1, 2 Fatty liver is the earliest response to alcohol drinking and FDA-approved Drug Library ic50 occurs in almost everyone who drinks heavily,3 whereas more severe forms of alcoholic liver injury typically develop in up to 35% of heavy drinkers.1, 2 No specific medical treatment is needed for patients with simple alcoholic
fatty liver, which usually resolves within several weeks of alcohol withdrawal. More severe forms of alcoholic liver disease such as alcoholic hepatitis require treatment. Current therapeutic options for alcoholic hepatitis include corticosteroids or tumor necrosis factor alpha (TNF-α) inhibitor therapy; however, these treatments have generated controversial results and are associated with increased rates of infection.2, 4-7 Interleukin-22 (IL-22), a recently identified cytokine that is produced by Th17 cells and natural killer cells, has been shown to play an important role in controlling bacterial infection, homeostasis, and tissue repair.8, 9 The biological effect of IL-22 was believed to be mediated mainly via activation of the signal transducer and activator of transcription 3 (STAT3) signaling pathway through
binding of IL-22 receptor 1 (IL-22R1) and IL-10R2, although high concentrations of IL-22 can also activate many other signaling pathways including STAT1, STAT5, mitogen-activated check details protein kinases, AKT, nuclear factor-κB, activator protein-1, and so forth.8 Recently, we and others have demonstrated that IL-22 treatment prevents T cell hepatitis,10 stimulates liver regeneration,10, 11 and improves fatty liver.12 Thus, we hypothesize that IL-22 treatment could be a potential therapeutic option to ameliorate alcoholic liver disease. Here, we test this hypothesis in a murine model of alcoholic liver injury induced by chronic-binge ethanol feeding. During the last 5 decades,
many animal heptaminol models of alcoholic liver injury have been developed,13-17 which have significantly helped us understand the molecular mechanisms of alcoholic liver disease.
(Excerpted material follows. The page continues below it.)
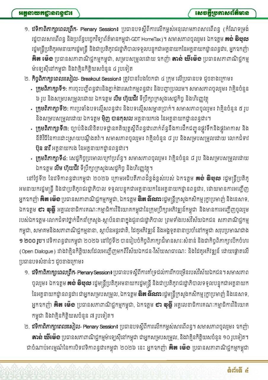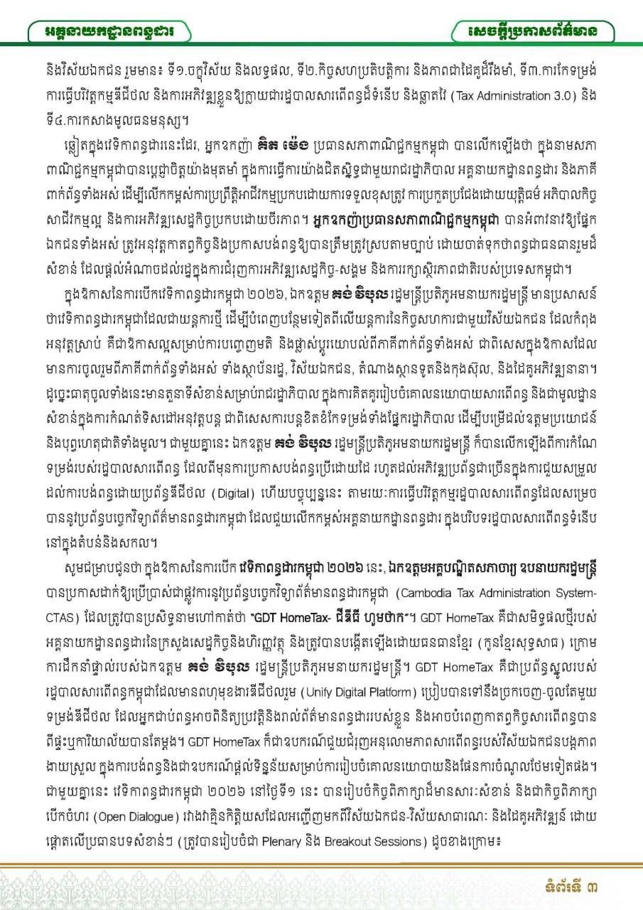នាថ្ងៃព្រហស្បតិ៍-សុក្រ ៣-៤រោច ខែមាឃ ឆ្នាំម្សាញ់ សប្តស័ក ពុទ្ធសករាជ ២៥៦៩ ត្រូវនឹងថ្ងៃទី៥-៦ ខែកុម្ភៈ ឆ្នាំ២០២៦ នៅទីស្នាក់ការកណ្តាលនៃអគ្គនាយកដ្ឋានពន្ធដារ (GDT Tower) មានរៀបចំ វេទិកាពន្ធដារកម្ពុជា ២០២៦ (Cambodia Tax Forum 2026) ក្រោមប្រធានបទស្តីពី “ការលើកកម្ពស់អនុលោមភាពសារពើពន្ធសម្រាប់ការអភិវឌ្ឍសេដ្ឋកិច្ចកម្ពុជា” សម្រាប់ រយៈពេល ២ថ្ងៃ ក្រោមកិច្ចសហការរៀបចំដោយអគ្គនាយដ្ឋានពន្ធដារនៃក្រសួងសេដ្ឋកិច្ចនិងហិរញ្ញវត្ថុ និងសភាពាណិជ្ជកម្មកម្ពុជា។ ការរៀបចំវេទិកានេះឡើង ក្នុងគោលដៅសំខាន់៖ ទី១.លើកកម្ពស់ការយល់ដឹងពីរដ្ឋបាលសារពើពន្ធ បទប្បញ្ញត្តិនិងកាតព្វកិច្ច សារពើពន្ធ និងទំនើបកម្មប្រព័ន្ធពន្ធដារដើម្បីលើកកម្ពស់អនុលោមភាពសារពើពន្ធនៅកម្ពុជា, ទី២.លើកកម្ពស់កិច្ចពិភាក្សាក្រៅយន្តការរបស់រាជរដ្ឋាភិបាលដែលមានស្រាប់ ដោយប្រកាន់ខ្ជាប់អភិក្រមការសន្ទនាដោយបើកចំហរ (Open Dialogue) ដើម្បី កំណត់បញ្ហាឱ្យចំគោលដៅ ស្វែងរកដំណោះស្រាយសមស្រប និងមានប្រសិទ្ធភាពឆ្លើយតបនឹងបញ្ហាប្រឈមពិតប្រាកដ និងកំណត់ទិសដៅអនុវត្តបន្តឱ្យបានត្រឹមត្រូវសម្រាប់គ្រប់ភាគីពាក់ព័ន្ធទាំងអស់, និងទី៣.ដាក់ឱ្យប្រើប្រាស់ជាផ្លូវការនូវប្រព័ន្ធបច្ចេកវិទ្យាព័ត៌មានពន្ធដារកម្ពុជា (Cambodia Tax Administration System) ឬហៅកាត់ថា “GDT HomeTax- ជីឌីធី ហូមថាក”។
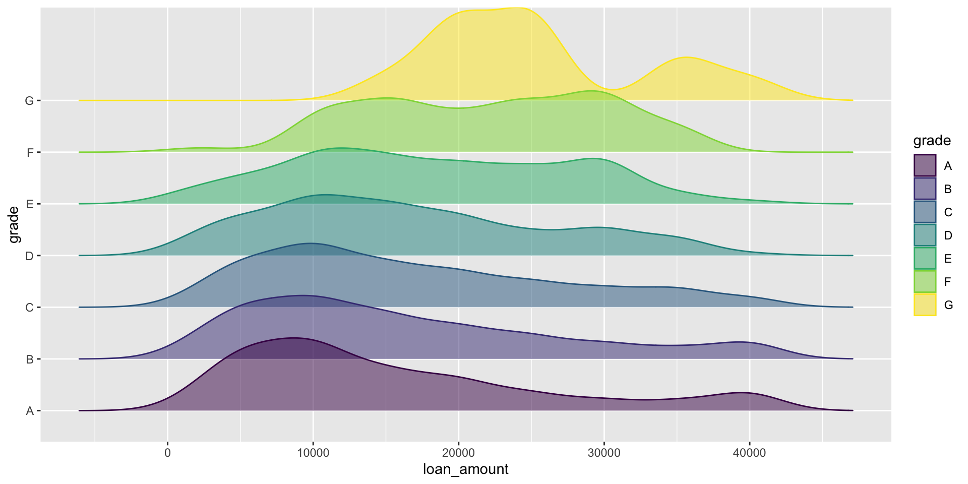 ggplot(loans, aes(x = loan_amount, y = grade, fill = grade, color = grade)) +

Presently, the most commonly used model for alcoholic liver injury in rodents is voluntary feeding with the Lieber-DeCarli liquid ethanol-containing diet.17-22 However, this model only induces minor hepatic lesions such as fatty liver and slight elevation of serum ALT, especially in male mice.17-22 In contrast, the Tsukamoto-French model, which administers a higher dose of ethanol through continuous intragastric feeding, causes more severe forms of liver injury such as steatosis and mild liver inflammation and fibrosis.13, 23 However, this model has not been widely used in many laboratories because of its technical difficulty, requirement for animal husbandry, and the expense of equipment.23 Lastly, another popular animal model of liver injury features ad libitum feeding of a liquid diet containing ethanol followed by a challenge with endotoxin or hepatotoxins, or other substances.